Berbice: the land that time forgot
Stabroek News
September 22, 2001



Dear Editor,

Honourable Minister of Education, I would like to submit a question, which you may wish to place in your SSEE Question Bank. The question is `Name the county that dreads sundown.' I am sure that children from Berbice should get this one correct.

Needless to say, Berbice has returned, not surprisingly, to the dark ages. The familiar and all engulfing shroud of darkness has enveloped the ancient, marginalised and forgotten county of Berbice, yet again. As a matter of fact, the situation has returned to normal, albeit with a new dimension, for the worse of course. Now the power goes off at 5.00pm and does not come on until 11.00pm and this follows after the previous day's schedule of blackout from 5.00am to 7.00pm! An entire county, perhaps with the exception of central New Amsterdam, is plunged into darkness.

I can vaguely recall someone writing, some time in the past, that the current game-plan of partial rehabilitation of the two pieces of scrap iron at Canefield is an exercise in futility and I hasten to add, an insult to Berbicians. This primitive method of intended power generation cannot work However, since there are no alternatives, Berbicians have no solace but to retard and grow old in the dark. My heart goes out to schoolchildren who have to endure this most cruel torment for all of their formative years. I am sure that the late great Dr Cheddi Jagan would have given his all to reverse this curse and if he was alive, this tragedy would have been averted. Someone stated that Berbice will be a "pole of development." That person probably had a midsummer night's dream. No one is going to invest in this asylum of infrastructural decay and darkness. Incidentally, the `Industrial Site' project is sheer nonsense. The current situation seems to indicate that total collapse is at hand.

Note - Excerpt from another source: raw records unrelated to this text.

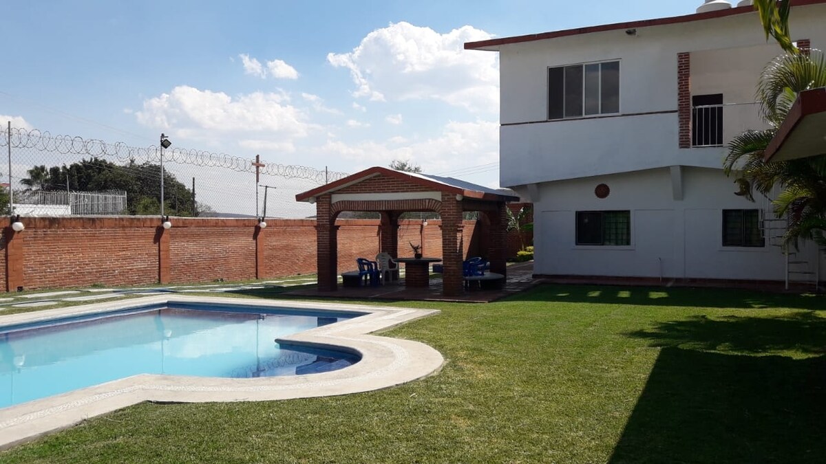 Fallegur bústaður í niðurhólfuninni með öllum þægindum. Frábær staðsetning í 20 mínútna fjarlægð frá miðbæ Cuautla. Sundlaug með katli (valfrjálst), vatnsbar, grillsvæði, tveimur stórum görðum, bílastæði, hröðu þráðlausu neti og nauðsynlegum þægindum fyrir alla fjölskylduna í rýmum sem eru hönnuð fyrir börn og fullorðna. Taktu vini þína eða fjölskyldu saman, deildu kostnaðinum og þú munt sjá að þetta er frábært verð! *Mælt með fyrir 8 gesti og áfram.
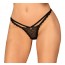 Schwarzer String Chemeris von Obsessive aus weicher elastischer Spitze. Betonender Schnitt mit stylischen Riemchen und kleinem Schmuckelement vorne am Bund.
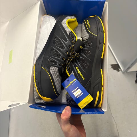 Jeg sælger disse Goodyear Sikkerhedssko i størrelse 43. De har kun været brugte en enkelt gang i et par timer. Ellers har de bare lagt i kassen i et par år.
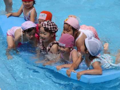大きなビート板に友達と乗って水しぶきをあびて遊んだり,友達の手をとって泳がせてあげたり,友達と泳ぎっこをしたりして楽しんでいました。
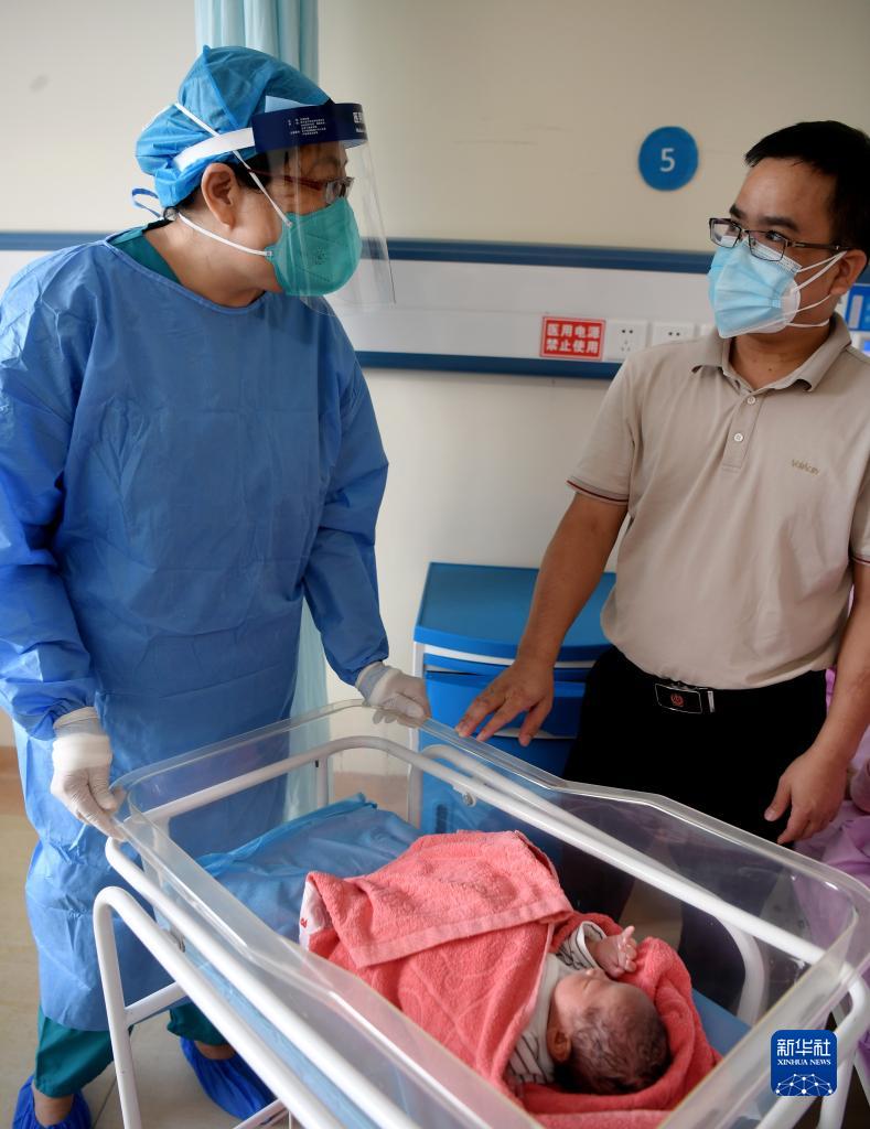 8月19日,海南三亚市妇女儿童医院妇产科主任医师田秀娟(左)在住院部了解新生儿健康状况。
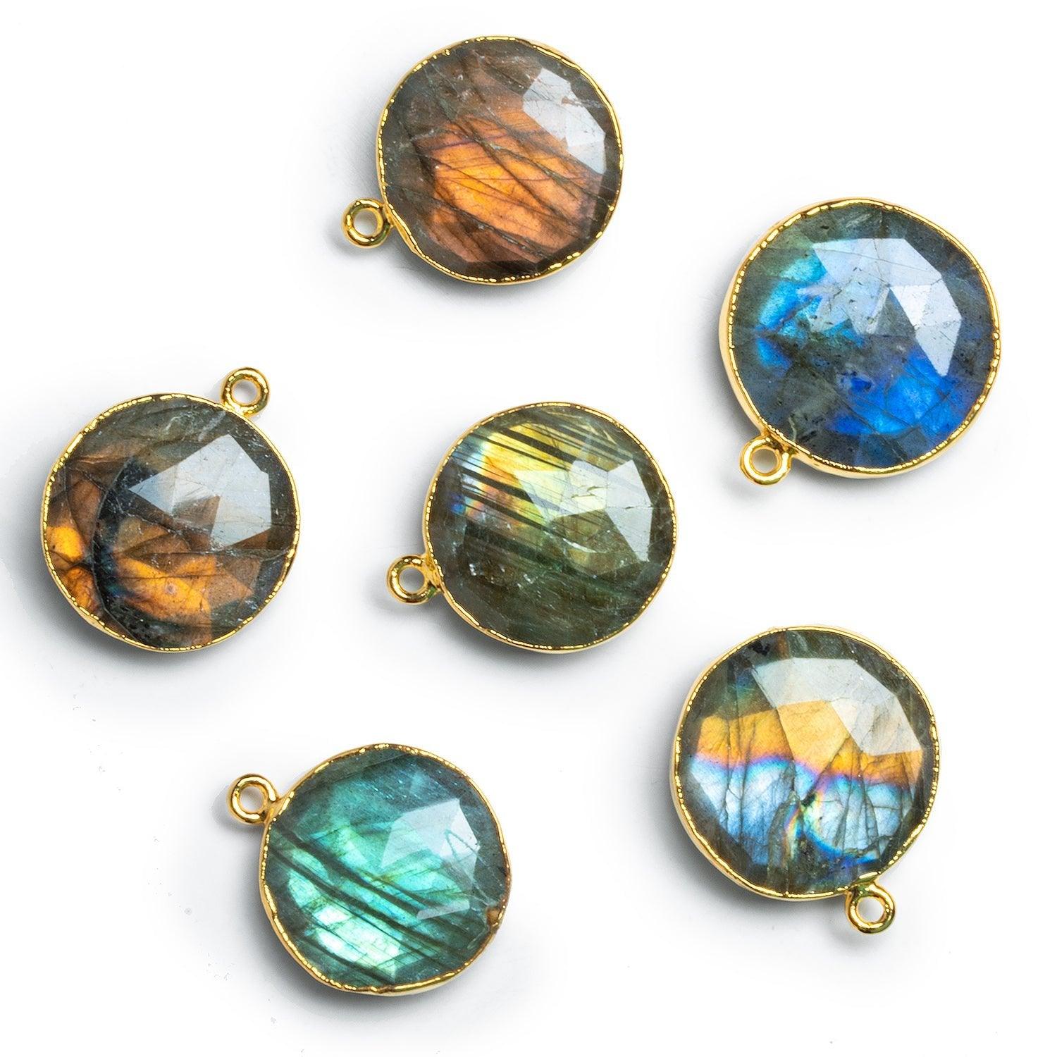 Beads average about 22mm in diameter. Expect the full range of colorful Labradorite flash on these faceted coins enveloped in our signature gold leaf.
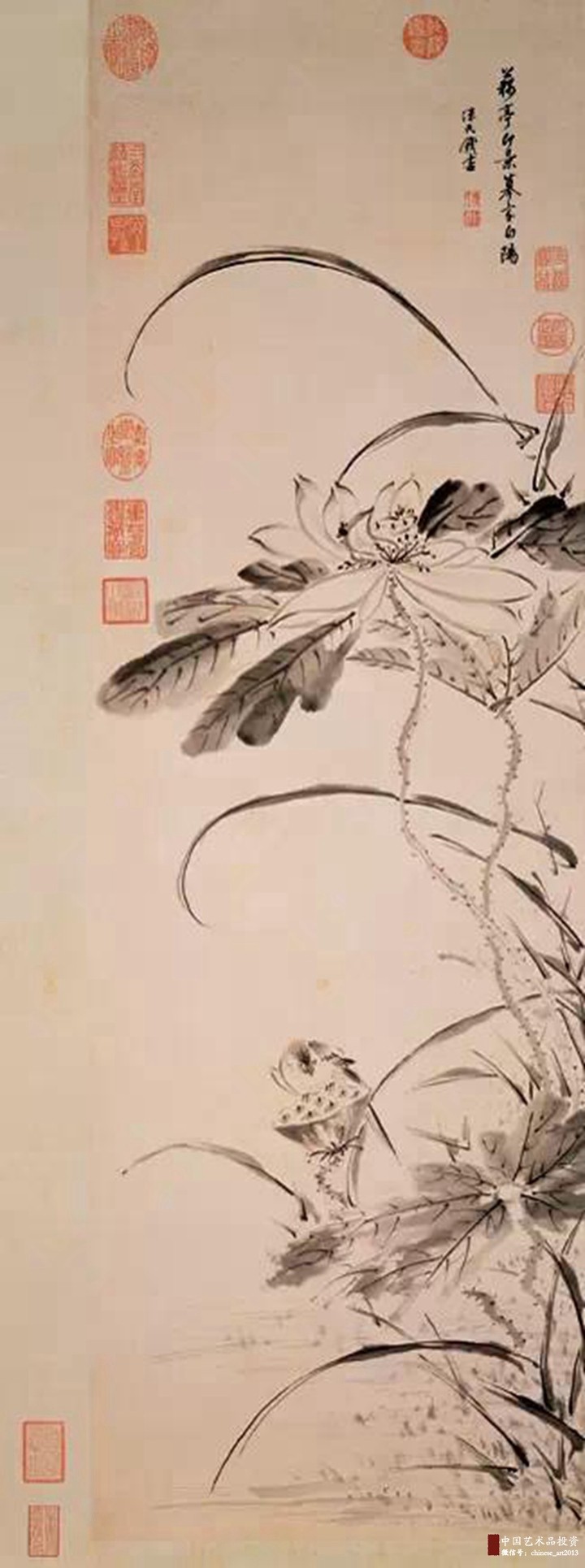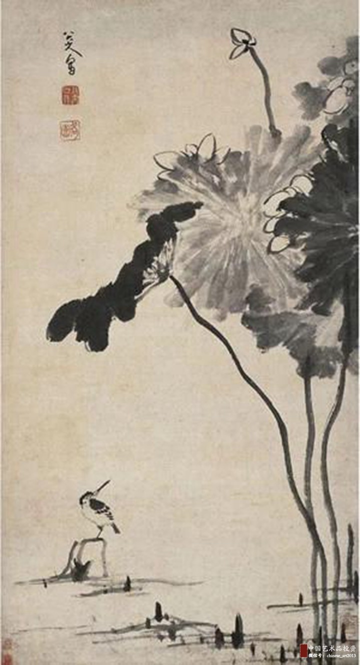 八大山人的荷花不是春色娇艳、欣欣向荣的鲜花,而是“溅泪”之墨花,是残叶败荷,一如他一向的画风,凄凉寂寞,冷意逼人。
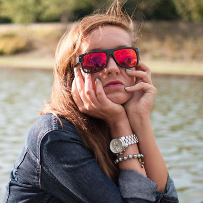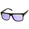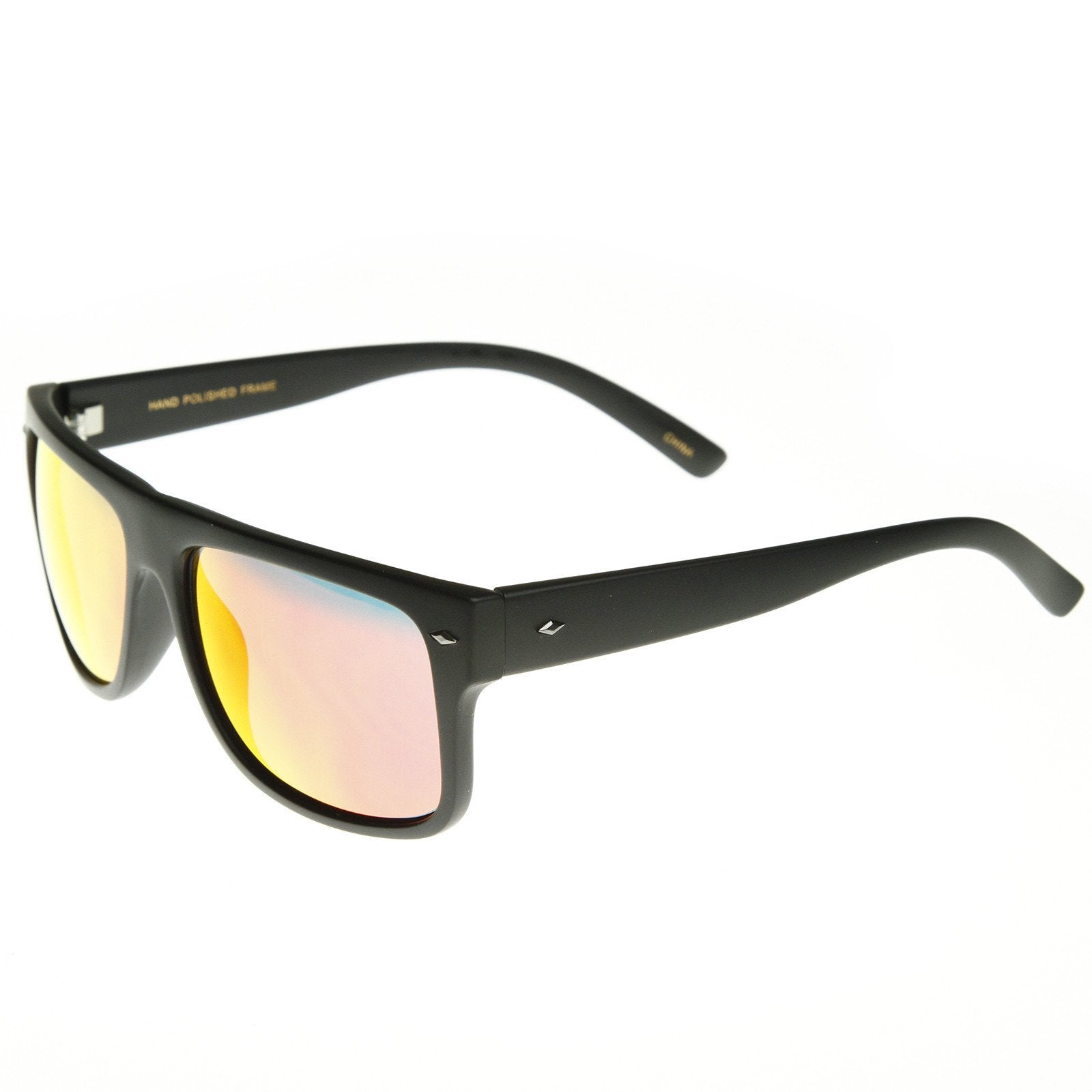 • High quality rectangular action sports sunglasses that features a smooth matte finish, bold lines and an eye-catching color mirror lens. An awesome choice for anyone searching for a modern sporty look this warm and sunny season. Made with an acetate based frame, double-barrel metal hinges, and color mirror UV protected lenses.

The irony in all of this is that electrical charges are increasing in spite of the longer duration and frequency of blackouts. I guess these unjustified and unwarranted increases are to ensure the delivery of the astronomical management fees (US$4M per year) for an incompetent management team who are being paid for a service they are presently incapable of providing. This has the caption of `you come up first, then we will come up.' This is the first expatriate team, from my experience, which does not seem to have an effective, practical strategic plan nor the hardware to deliver the goods. This is tantamount to daylight robbery and sadly, it seems that the government is incapable of arresting this great injustice.

It is my firm conviction that these people should be sent back from whence they came and Prime Minister Sam Hinds should resign! To hope for an improvement is to live in a fool's paradise. Berbice is fast receding into oblivion and will soon be an ideal location for Hollywood to shoot pre?historic movies like `The Land that Time Forgot' or the `Jurassic Park' sequels.